The free hepatic venous pressure represents the pressure measured within a non-occluded freely draining hepatic vein and it reflects the systemic venous pressure. In contrast, the wedged hepatic pressure is obtained by occluding the hepatic vein and serves as an estimate of the portal venous pressure. Therefore, from these values, we can calculate the hepatic venous pressure gradient.
Portal hypertension is the elevation of the hepatic venous pressure gradient to more than 5 mmHg, while clinically significant portal hypertension is defined as a gradient of 10 mmHg or more. In this patient, the hepatic venous pressure gradient is only mildly elevated, and that is a critical pivot point in this case.

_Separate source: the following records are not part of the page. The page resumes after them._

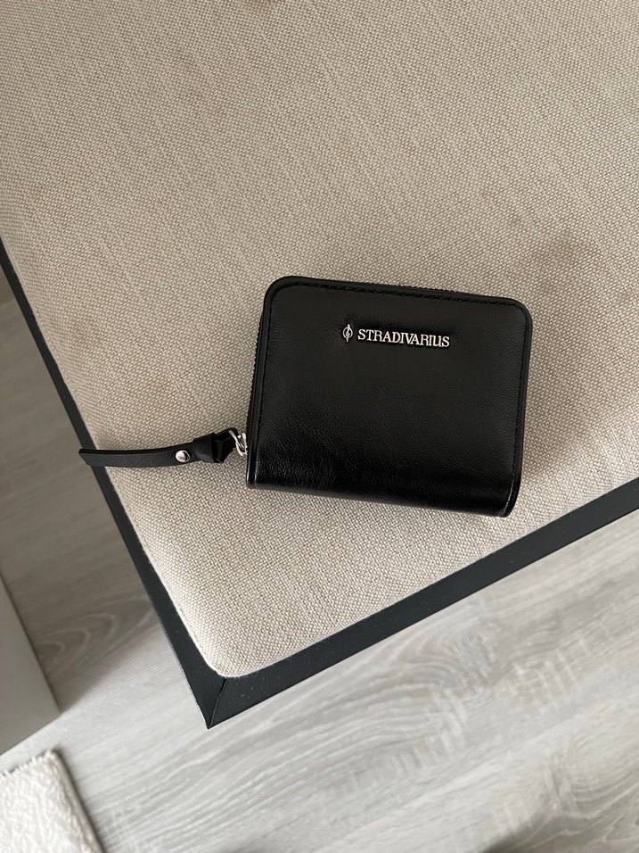 Stradivarius markalı siyah deri cüzdan, fermuarlı kapanışa ve minimalist baskılı tasarıma sahiptir. Ofis ve günlük kullanıma uygundur.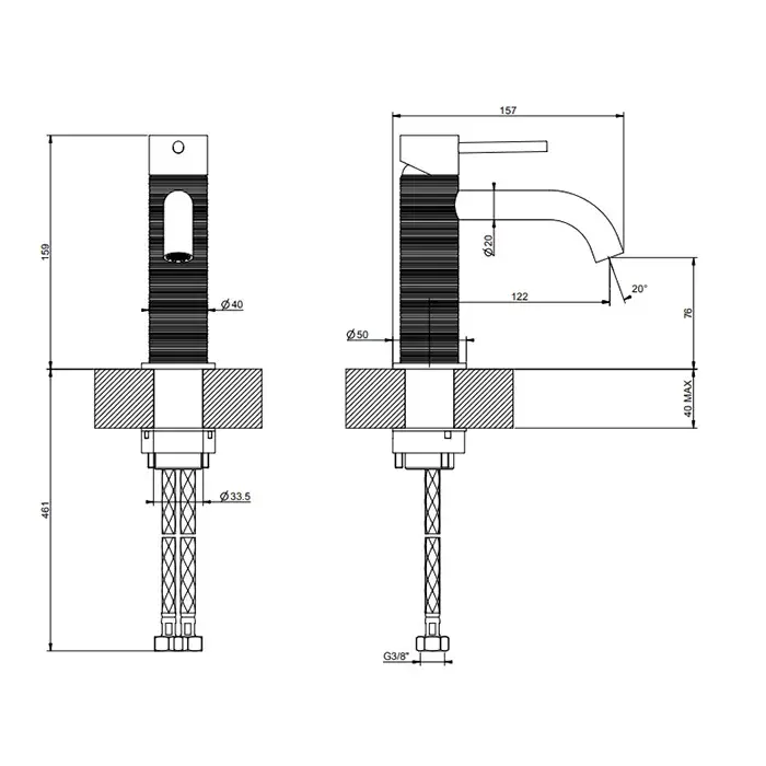 Gessi 316 Trame Смеситель для раковины без донного клапана однорыч., цвет: black metal brushed PVD 54302#707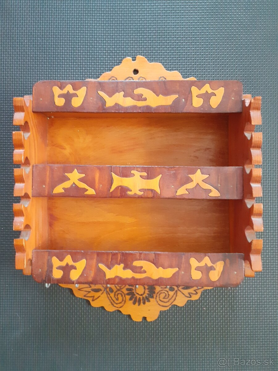 Predám dve staré ľudové / folklórne drevené police / poličky vhodné do kuchyne na koreničky alebo malé šálky / hrnčeky. Na chalupu / chatu či na renováciu a oživenie do nového priestoru. Pochádzajú z obce Stará Huta, okres Detva, región Podpoľanie, oblasť Javorie. Obe sú v pôvodnom stave. Na prvej sú zo spodu prakticky namontované háčiky so závitom na zavesenie kľúčov alebo malého náradia či pomôcok. Môžete si ich ľahko odstrániť, pokiaľ sa vám nebudú hodiť. Prvá polička je vo výbornom stave, lakovaná, zdobená vypaľovaným ornamentom, vyrezávaním a intarzovaná drevom. Druhá polička je určená na renováciu, zdobená je vypaľovaným ornamentom a vyrezávaním, lak je ošúchaný a spodná doska je stočená a prasknutá.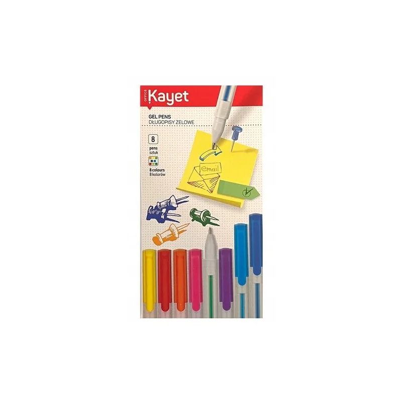 DŁUGOPIS ŻELOWY 8 KOLORÓW KAYET – ZESTAW DO PISANIA I KOLOROWANIA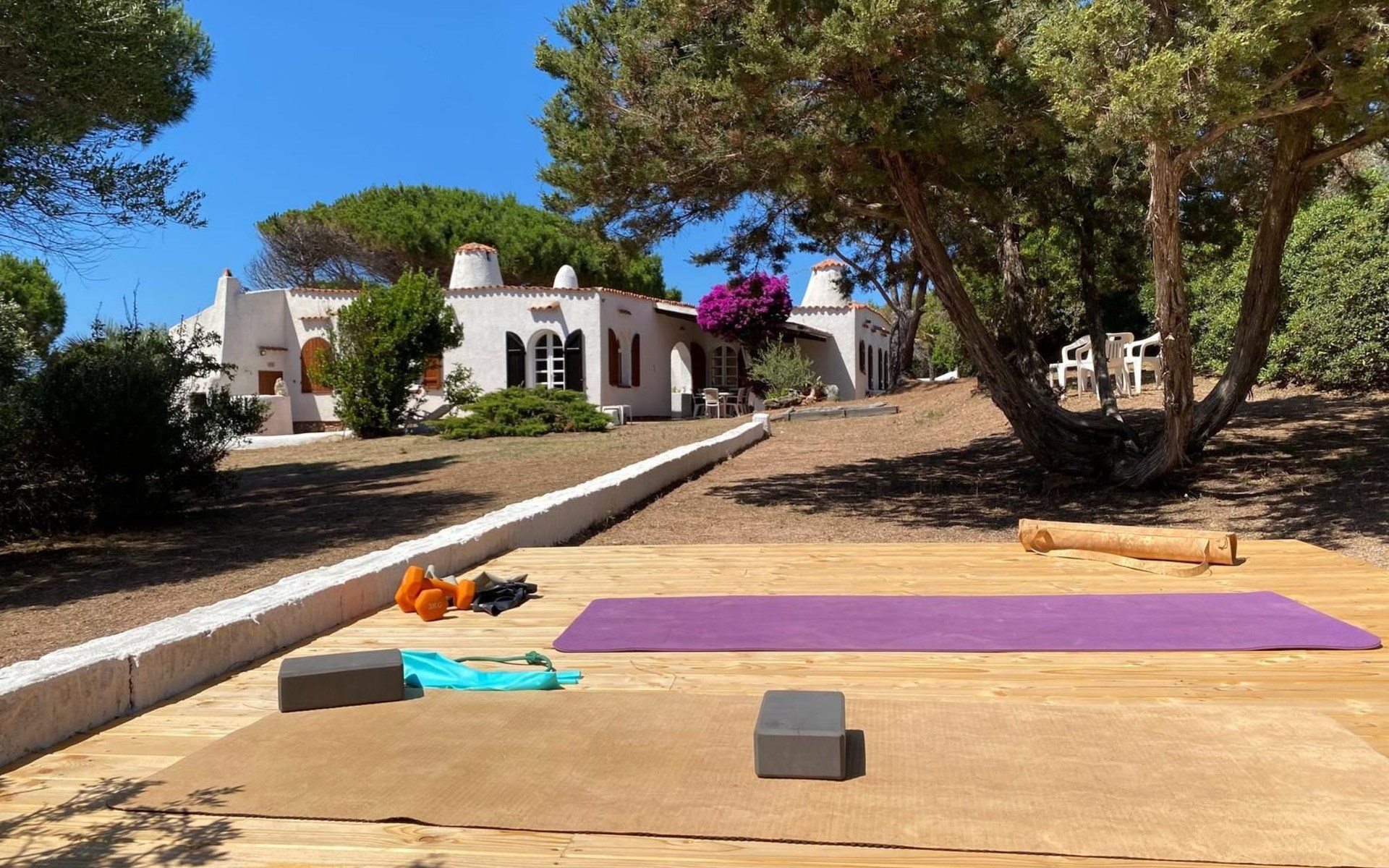 In einer abgelegenen Ecke des Gartens gibt es eine hölzerne Plattform, auf der Sie Yoga, Pilates, Gymnastik oder Meditation praktizieren können: Matten, Blöcke, elastische Bänder sind nur für den persönlichen Gebrauch und auf eigene Gefahr zur Verfügung gestellt. Innerhalb des Gartens gibt es sowohl überdachte als auch nicht überdachte Parkmöglichkeiten.
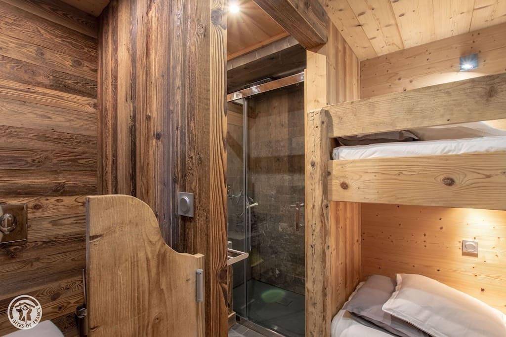 Fläche von ungefähr 220 m². Orientierung : Süd. Blick berg. Wohnzimmer. 3 Schlafzimmer mit Doppelbett (180*200), Waschraum, Haartrockner, WC. Schlafzimmer mit 4 Stockbetten, Waschraum, WC. Schlafzimmer mit Dusche, Doppelbett (180*200), Badezimmer, Haartrockner, WC. Zwischengeschoss. Küche mit Fonduegerät, Raclettegerät, Gefrierschrank, Backofen, Geschirrspülmaschine, Mikrowellenherd, Kühlschrank. separates WC. Waschküche mit Waschmaschine. Terrasse mit Grillrost, Whirlpool, . Die oberen Betten sind nicht für Kinder unter 6 Jahren geeignet.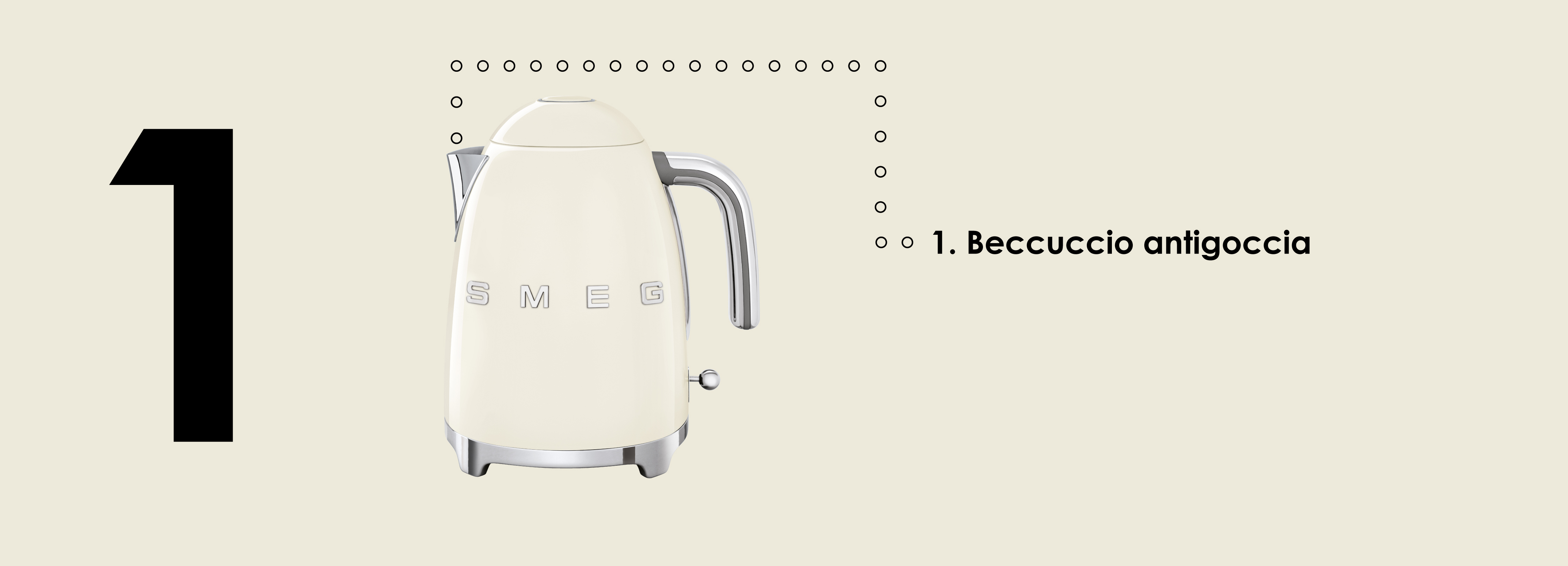 Smeg KLF03CREU Panna Lucido 50's Style Bollitore 1,7 litri 7 Tazze Soft Opening AutoOFF 100°C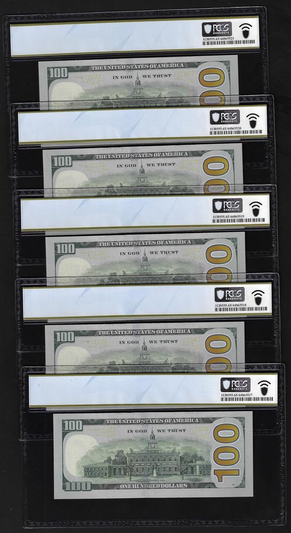 One (5) Consec. 2017A $100 Federal Reserve Bank Notes PCGS Gem Unc. 65PPQ Fancy Serial. PCGS Graded.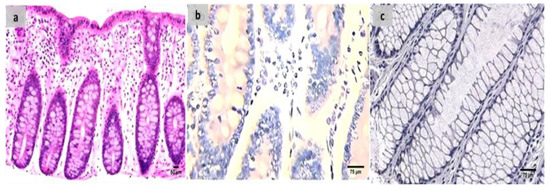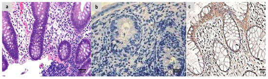 The sections were stained by calprotectin and S100 calcium-binding protein A12 (S100A12) to evaluate inflammation and activity in the studied cases and the control specimens. the control cases demonstrated that all the cases were completely negative for both markers (Figure 2b,c). For active UC studied cases, the score of expression of both markers were positive as seen in Figure 3b,c. both markers were detected in the intramucosal cells together with the stromal and lamina propria inflammatory cells.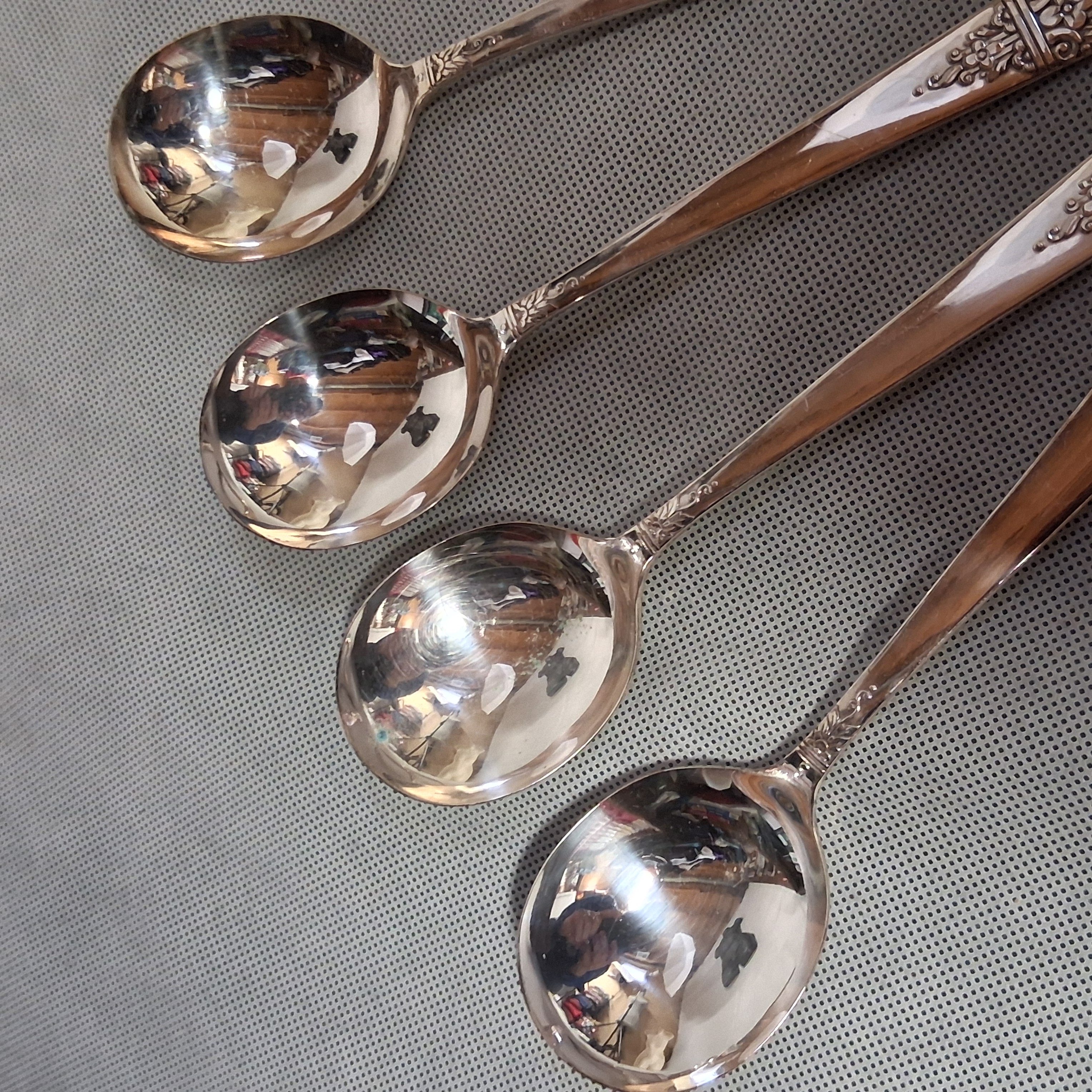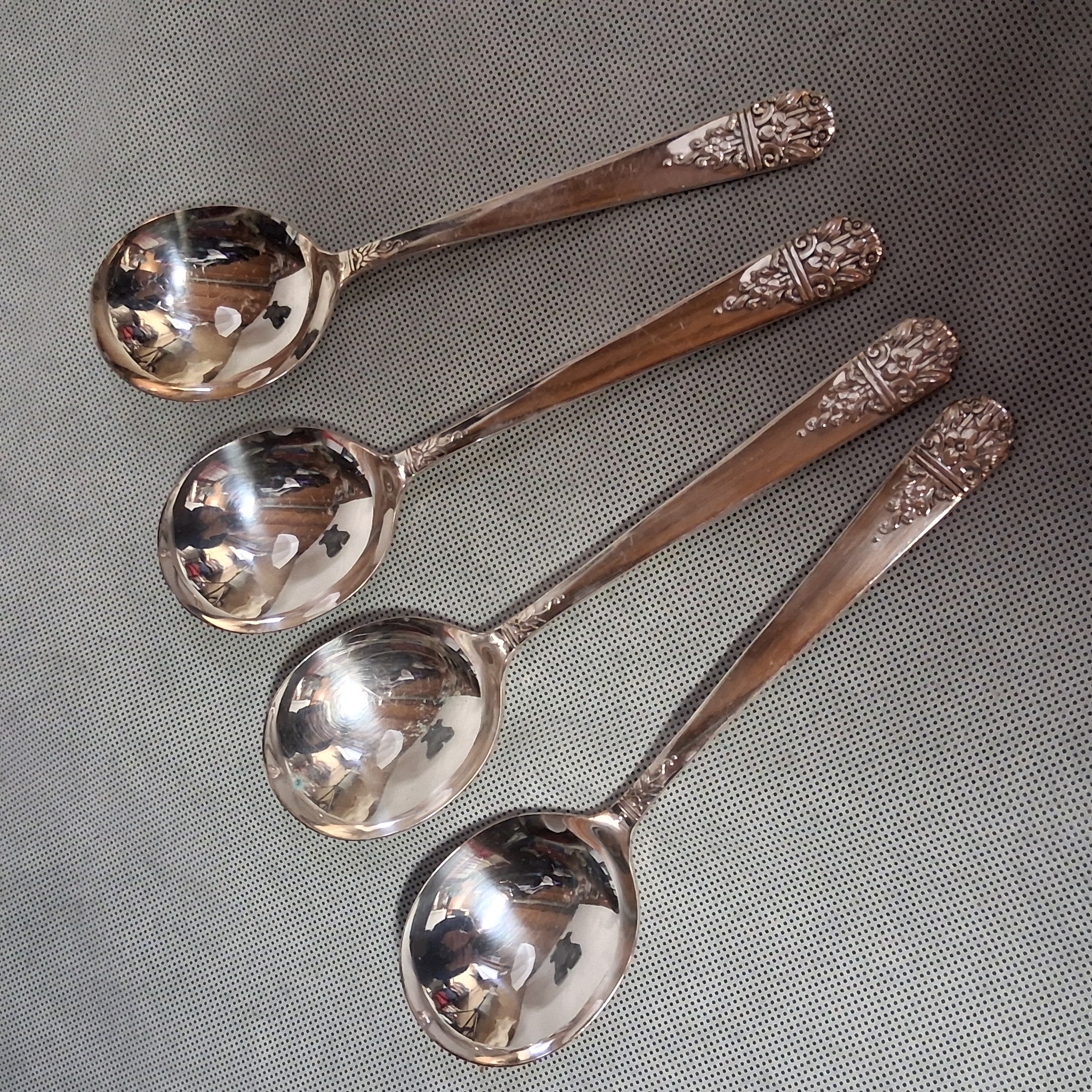 Oneida Margate 1938 Gumbo Round Bowl Soup Spoons 4 Silverplate 7 1/2" Wm Rogers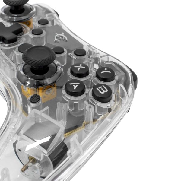 800 mAh:n li-polymeeriakku takaa 5–10 tuntia eeppistä pelikokemusta. Tämä läpinäkyvä peliohjain painaa 220 g. LEGION sopii kaikkeen Androidista iOS:ään (MFI), N-Switchistä Windowsiin (langallinen) ja PS4/PS3:een.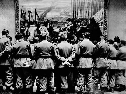 Otra curiosidad en una de las vitrinas es “la hoja de contactos de Charlton Heston”, explica ella, en la que se ve al actor quitándose la armadura de caballero durante el rodaje de El Cid en España para darse un chapuzón en una playa. En los contactos, Masats escribió “los números del orden que debían seguir las fotos, como en una secuencia cinematográfica; pero ese orden no correspondía con el que había hecho las fotos”. Señal de que ya pensaba en lo que era entonces un nuevo medio, la televisión, y en el cine.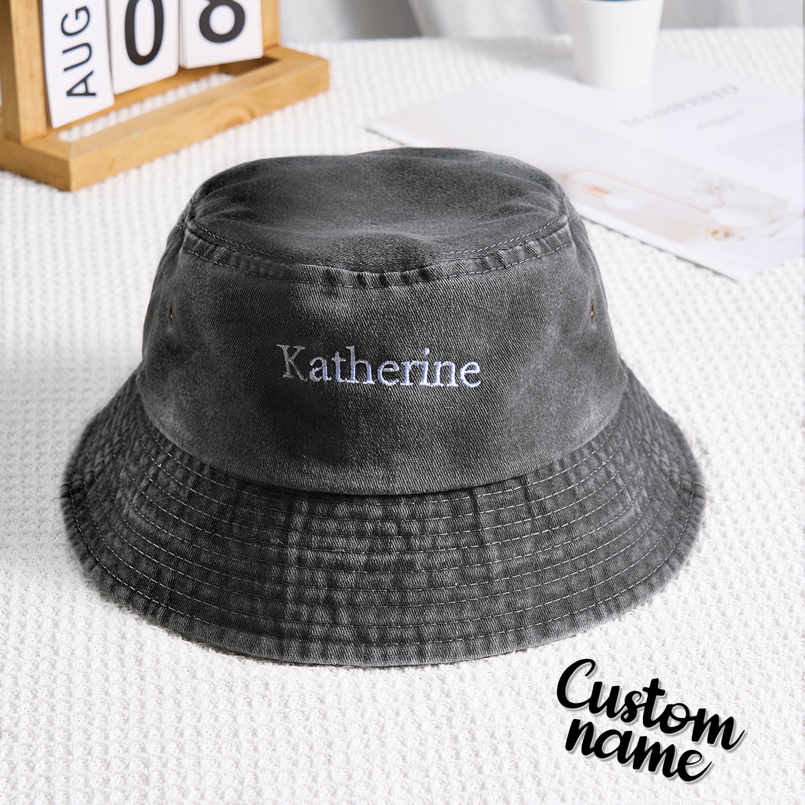 Personalized Denim Bucket Hat Custom Name Embroidery Design Gift for Friends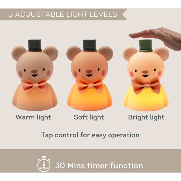 Nachtlampe aus BPA-freiem Silikon mit drei verschiedenen Lichtstufen und einem eingebauten 30-Minuten-Timer. Die Lampe ist wiederaufladbar, was sie langlebig und kosteneffektiv macht.Die Lampe erzeugt ein gemütliches und beruhigendes Licht im Kinderzimmer, und die Helligkeitsstufen lassen sich einfach per Knopfdruck ändern. Sie wird mit einem USB-Kabel aufgeladen (2 Stunden Schnellladung bieten 6 Stunden Licht), das im Lieferumfang enthalten ist.

Because at first glance, with ascites and imaging suggestive of cirrhosis, it is tempting to attribute everything to portal hypertension from cirrhosis. However, this case requires us to move beyond that assumption. Now we have an important nuance here, which it's important to highlight that the hepatic venous pressure gradient primarily reflects sinusoidal portal hypertension.
So while an elevated gradient would clearly indicate portal hypertension at the sinusoidal level, A normal or mildly elevated gradient, as seen in this case, does not completely exclude portal hypertension, particularly in cases of presinusoidal diseases where the gradient can appear falsely normal.